Project Description:
This Python-based news scraper automatically extracts the latest news articles from specified websites and uses AI-powered summarization to condense long articles into shorter summaries. It also analyzes the sentiment of each article, categorizing it as positive, negative, or neutral.
Libraries Used:
- BeautifulSoup: For web scraping and parsing HTML.
- Requests: For making HTTP requests to fetch web pages.
- Transformers (HuggingFace): For AI-powered summarization and sentiment analysis.
- TextBlob: For sentiment analysis.
Key Logic:
- Scrapes news articles from a given website using BeautifulSoup and Requests.

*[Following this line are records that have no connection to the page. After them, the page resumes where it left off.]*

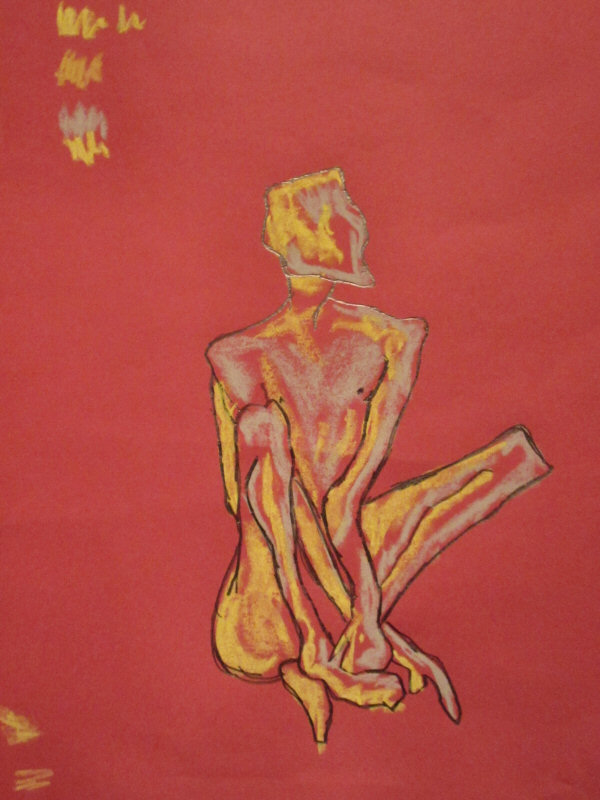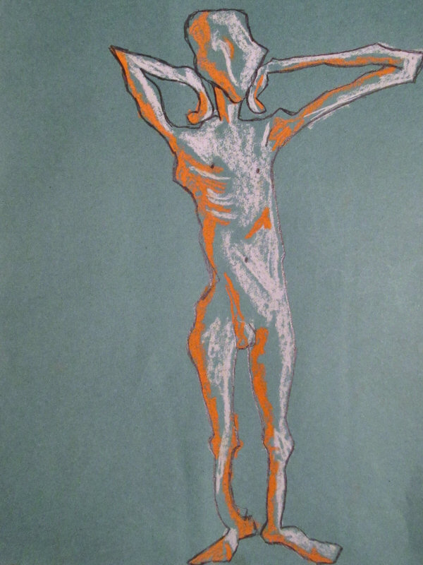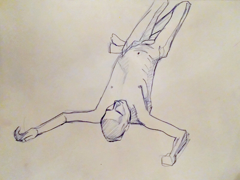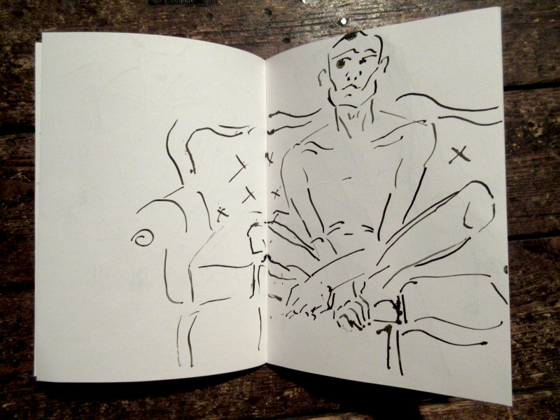 After the break I settled down for 10 minutes squatting like a frog upon the sofa, then held 15 minutes in casual standing stance, and closed with 15 minutes sitting on the floor, my limbs intertwined. I hoped these would offer sufficient angular variety to keep the artists suitably challenged, and incorporate enough restful balance to maintain my comfort throughout.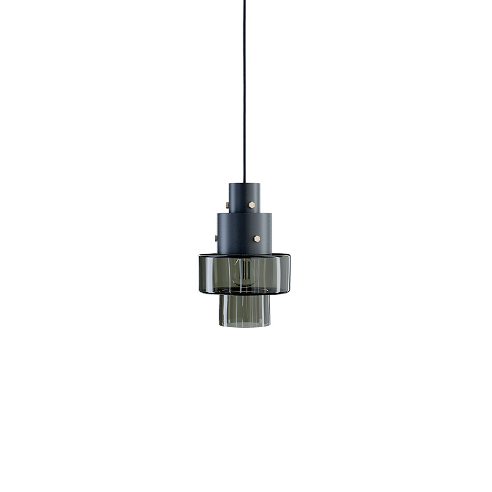 Lampa została stworzona w surowym stylu z wyraźnymi kontrastami – czarna stal, mosiężne śruby i szkło, które ukazuje źródło światła poniżej.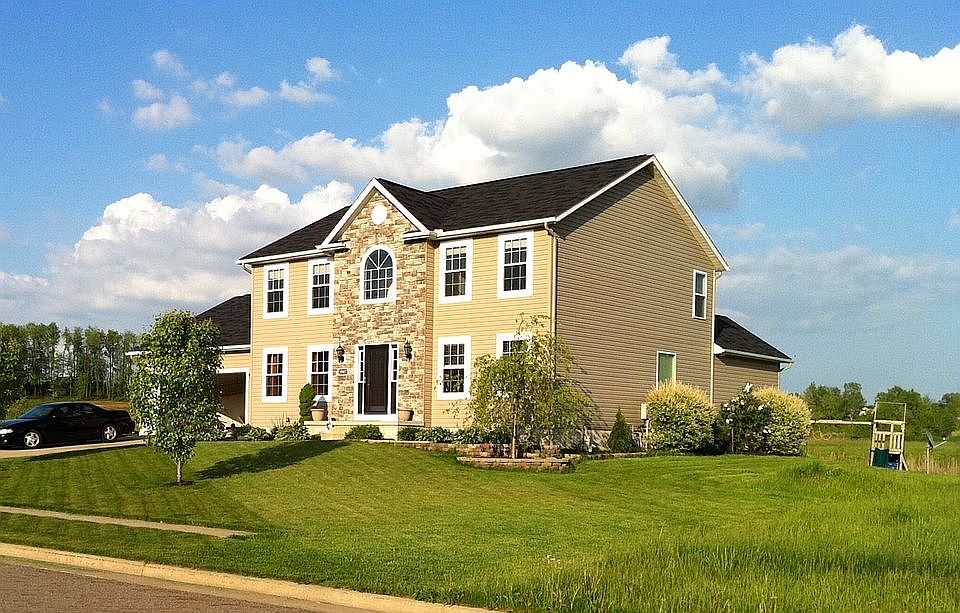 Move in Ready custom built home by 21st Century Homes. Neutral décor throughout and freshly painted in most rooms. Situated on one of the most beautiful lots in the development with breath taking views of the pond with spouting fountains on a cul de sac. As you enter this majestic home you'll greet your guest in the spacious foyer w/hardwood floors, to the left you will find a formal dining room just off the kitchen and to the right your first floor home office. As you enter the 2 story great room you're met with a wall of windows surrounding the gas fireplace that looks over the calming pond view. The great room is open to the kitchen so the cook of the house won't miss a thing, abundant maple cabinets, updated Cambria Quartz counters and tile backsplash, planning desk and eating area w/ slider leading to the patio. Off the kitchen is your first floor laundry, tucked away for private time is the sunroom with entry to the patio. 1/2 bath. The first floor master is a spacious room with vaulted ceiling, beautiful view of the pond and private entry to the patio. The master bath features a soaker tub, separate shower, water closet and walk in closet. 2nd floor you'll find 3 spacious bedrooms one is a Jr. Suite with full bath. The loft area overlooks the great room and kitchen. 2 full baths on 2nd floor, Views outside are amazing. 13 course poured concrete basement is huge, plumbed for additional bath. Call today for your private showing.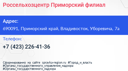 Россельхозцентр, Приморский филиал по адресу 690091, Приморский край, Владивосток, Уборевича, 7а в дальнейшем Организация, размещена в следующих категориях: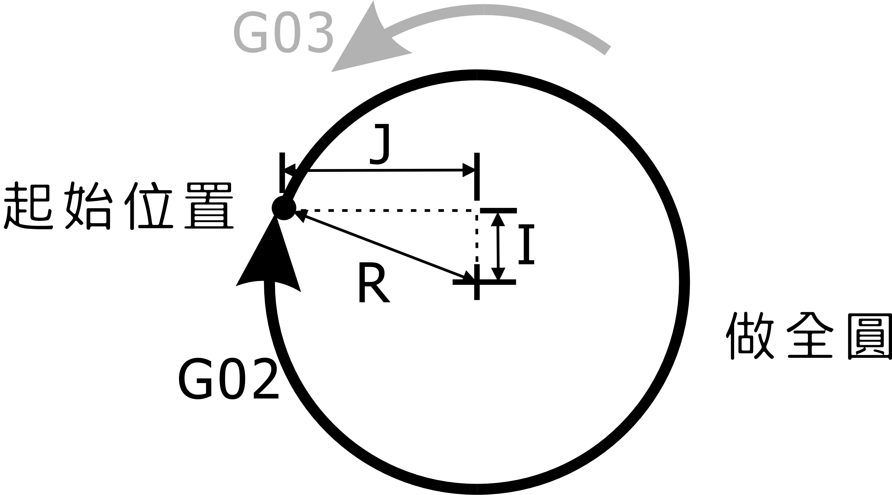 若目的地 X_Y_, X_Z_, Y_Z_ 沒給,則將以 I_J_, I_K_, J_K_ 為圓心做一全圓。若 G02/G03 指令中之起始點與終點相同時,執行全圓。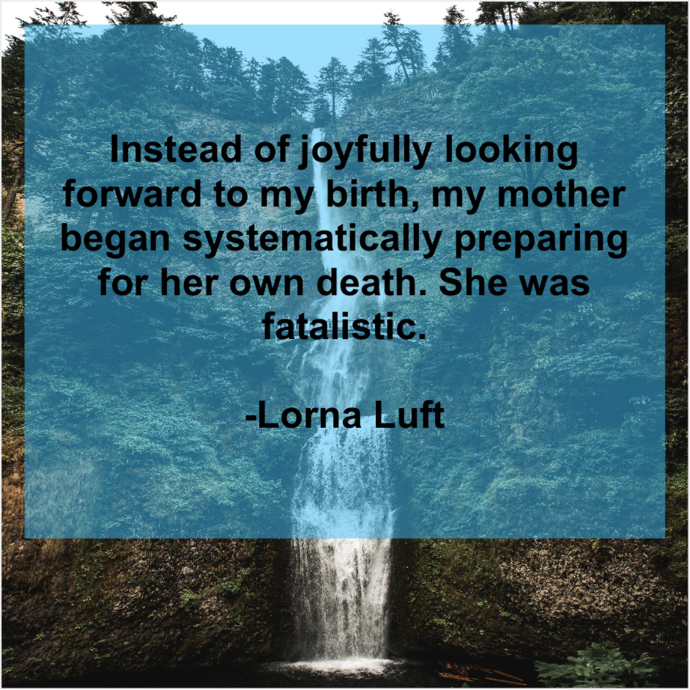 “Instead of joyfully looking forward to my birth, my mother began systematically preparing for her own death. She was fatalistic.”

- Summarizes each article using a pre-trained transformer model.
- Analyzes sentiment using TextBlob or HuggingFace sentiment analysis models.
- Stores the results in a readable format with summaries and sentiment categorization.
How It Works:
- The script crawls selected news websites to gather article data.
- Each article is passed through a summarization AI model to condense the content.
- Sentiment analysis is performed to categorize the article as positive, negative, or neutral.
- The output is displayed with the article summary and sentiment result.
Outcome:
This tool automates the process of keeping up with the news, offering summarized and sentiment-analyzed articles that save time and effort for users.